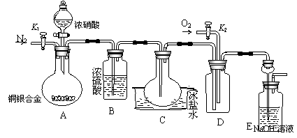 (4)实验测得如下数据:实验前,Cu、Ag合金的质量:50g;浓硝酸:40mL 13.5mol/L;实验后A溶液:V=40mL,c(H+)=1.0mol/L。假设反应中HNO3既无挥发也无分解,则:
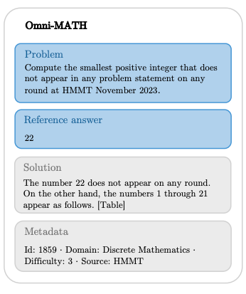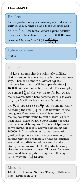- Risk of Data Leakage: The study identifies a potential risk of data leakage within the original Omni-MATH dataset. In one instance, the model correctly answered a problem about a specific 2023 competition that would be impossible to solve without prior access to the question sheet, suggesting that models may be relying on memorized training data rather than true reasoning for certain items.
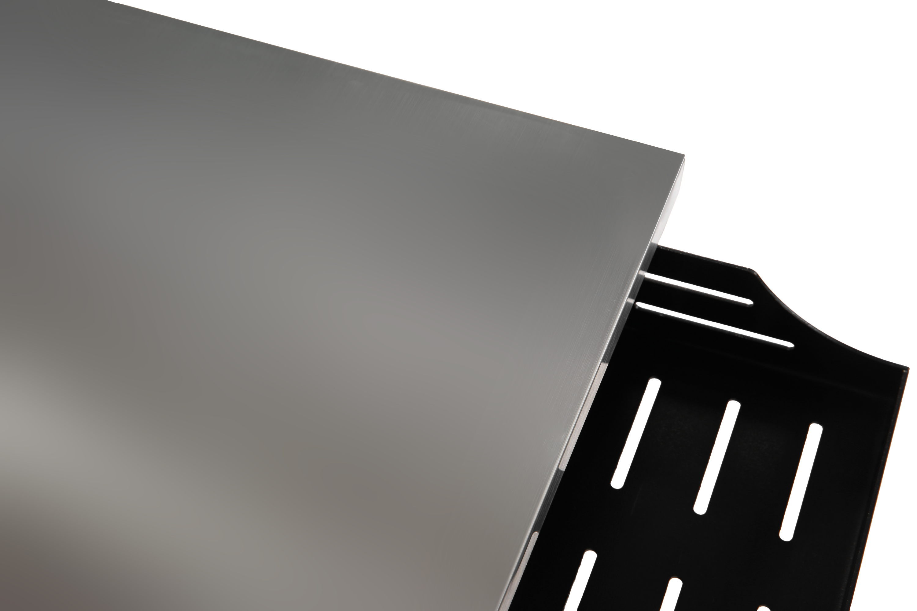 This outdoor kitchen cabinet features a high-quality stainless steel tabletop with an expandable panel on the side; The baffle can be rotated to create a two-layer shelf for additional storage; Only requires a simple wipe to clean
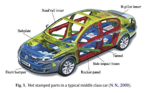 鑒于汽車的輕量化,安全化和抗沖擊性能,對于高強度汽車機構(gòu)鋼板的需求日益明顯。瑞典公司熱沖壓專利及其發(fā)展(1977年專利),被用于一些刀具刃上。1984年Saab汽車公司是第一家采用硬化硼鋼板制作了Saab9000的汽車制造商。生產(chǎn)的零部件從1987年的的300萬件/年到1977年的800萬件/年。自從2000年起,更多的熱沖壓零部件被用于汽車上,并且年生產(chǎn)量在2007年已達(dá)到1億多件。熱沖壓件在汽車工業(yè)的應(yīng)用比如說汽車底盤,像A柱,B柱,保險杠,車頂縱梁和管道,如圖1。
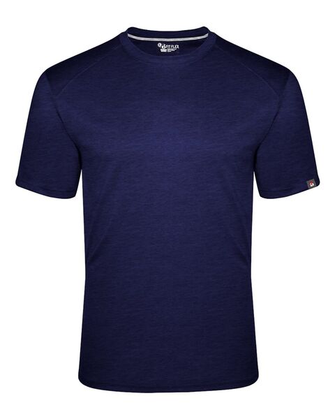 3.5 oz./yd_, 95/5 cotton/spandex moisture-management BadgerBlend fabric Classic fit Naturally comfortable Naturally antimicrobial Contrast back neck...
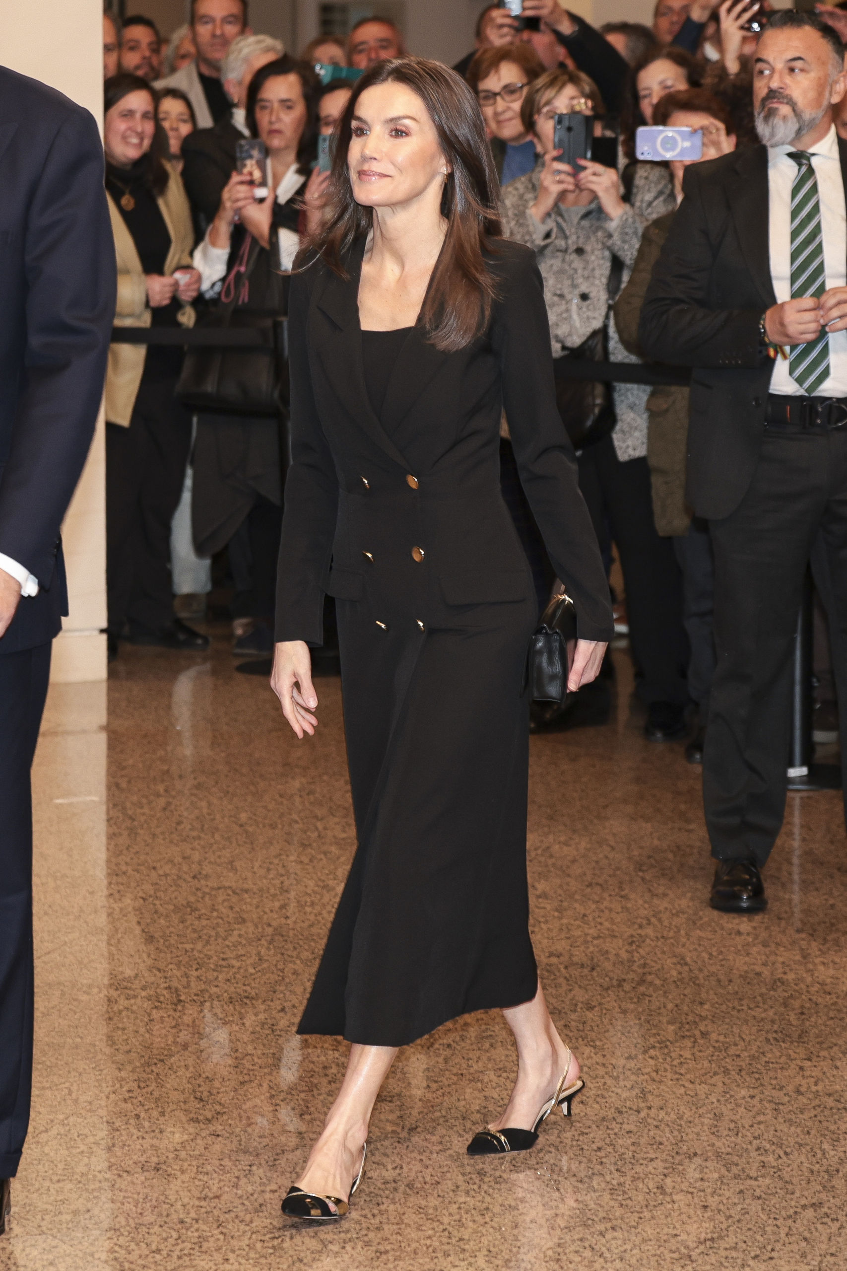 Para este acto y consciente del interés que suscita su armario, la Reina volvió a apostar por la sobriedad y la elegancia con un abrigo de corte recto y largo midi que llevó a modo de vestido y que destacaba por su doble botonadura.
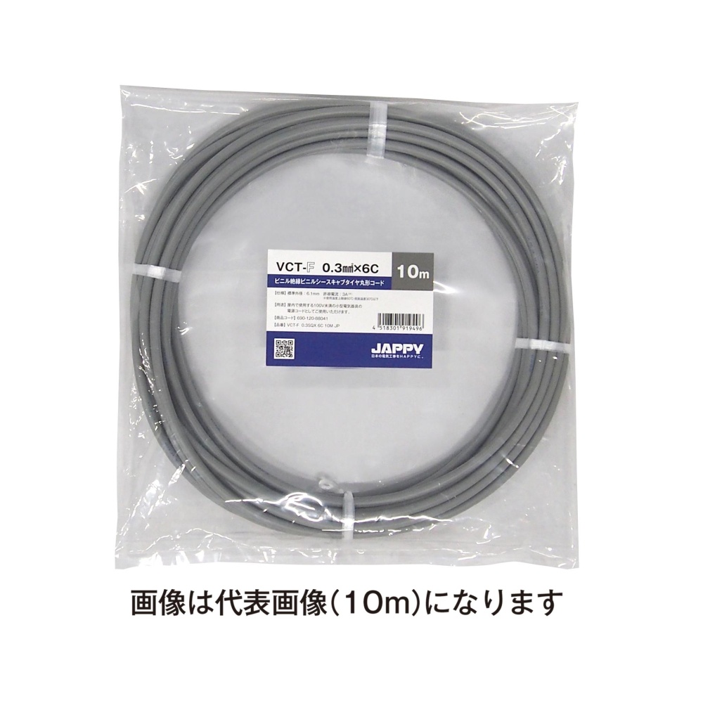 キャブタイヤ丸形コード【VCT-F-0.3SQX6C20M-JP】
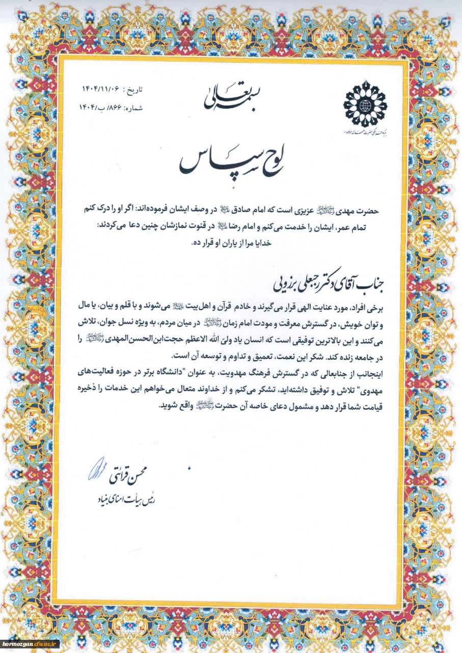 امتیاز دهید : پنجمین اجلاسیه ملی مهدویت و انقلاب اسلامی به میزبانی استان هرمزگان 12 شنبه 11 بهمن 1404 ساعت 8:49
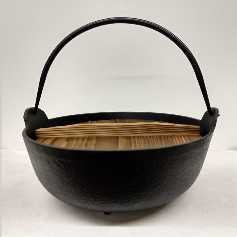 Heavy duty iron pot "Nabe" from Japan with handle and wood lid. A classic cooking utensil used on indoor fire pits in many traditional houses.This versatile cooking pot does last forever. Keep dry after use just like your iron teapots.
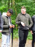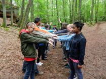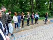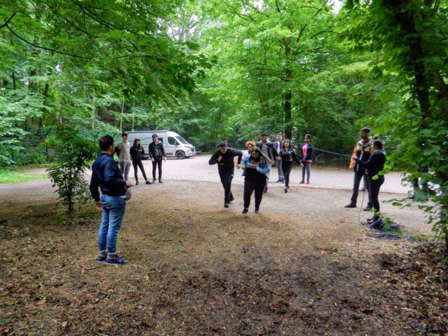 Dann haben wir die Regeln für den Tag kennengelernt und sind in den Wald gegangen. Wir blieben vor einer großen Sandsteinmauer stehen und spielten dort Spiele, bei denen wir zusammenarbeiten mussten. Zum Beispiel mussten wir einen Lavafluss überqueren, zusammen Bauklötze aufstapeln und einen Schatz aus einem Säuresee holen. Das war echt schwierig.

..............................

■ Activity ■
What you hand back should match the listing exactly, except that no pictures appear.

■ Problem solution ■
 (4)实验测得如下数据:实验前,Cu、Ag合金的质量:50g;浓硝酸:40mL 13.5mol/L;实验后A溶液:V=40mL,c(H+)=1.0mol/L。假设反应中HNO3既无挥发也无分解,则:
- Risk of Data Leakage: The study identifies a potential risk of data leakage within the original Omni-MATH dataset. In one instance, the model correctly answered a problem about a specific 2023 competition that would be impossible to solve without prior access to the question sheet, suggesting that models may be relying on memorized training data rather than true reasoning for certain items.
 This outdoor kitchen cabinet features a high-quality stainless steel tabletop with an expandable panel on the side; The baffle can be rotated to create a two-layer shelf for additional storage; Only requires a simple wipe to clean
 鑒于汽車的輕量化,安全化和抗沖擊性能,對于高強度汽車機構(gòu)鋼板的需求日益明顯。瑞典公司熱沖壓專利及其發(fā)展(1977年專利),被用于一些刀具刃上。1984年Saab汽車公司是第一家采用硬化硼鋼板制作了Saab9000的汽車制造商。生產(chǎn)的零部件從1987年的的300萬件/年到1977年的800萬件/年。自從2000年起,更多的熱沖壓零部件被用于汽車上,并且年生產(chǎn)量在2007年已達(dá)到1億多件。熱沖壓件在汽車工業(yè)的應(yīng)用比如說汽車底盤,像A柱,B柱,保險杠,車頂縱梁和管道,如圖1。
 3.5 oz./yd_, 95/5 cotton/spandex moisture-management BadgerBlend fabric Classic fit Naturally comfortable Naturally antimicrobial Contrast back neck...
 Para este acto y consciente del interés que suscita su armario, la Reina volvió a apostar por la sobriedad y la elegancia con un abrigo de corte recto y largo midi que llevó a modo de vestido y que destacaba por su doble botonadura.
 キャブタイヤ丸形コード【VCT-F-0.3SQX6C20M-JP】
 امتیاز دهید : پنجمین اجلاسیه ملی مهدویت و انقلاب اسلامی به میزبانی استان هرمزگان 12 شنبه 11 بهمن 1404 ساعت 8:49
 Heavy duty iron pot "Nabe" from Japan with handle and wood lid. A classic cooking utensil used on indoor fire pits in many traditional houses.This versatile cooking pot does last forever. Keep dry after use just like your iron teapots.
 Dann haben wir die Regeln für den Tag kennengelernt und sind in den Wald gegangen. Wir blieben vor einer großen Sandsteinmauer stehen und spielten dort Spiele, bei denen wir zusammenarbeiten mussten. Zum Beispiel mussten wir einen Lavafluss überqueren, zusammen Bauklötze aufstapeln und einen Schatz aus einem Säuresee holen. Das war echt schwierig.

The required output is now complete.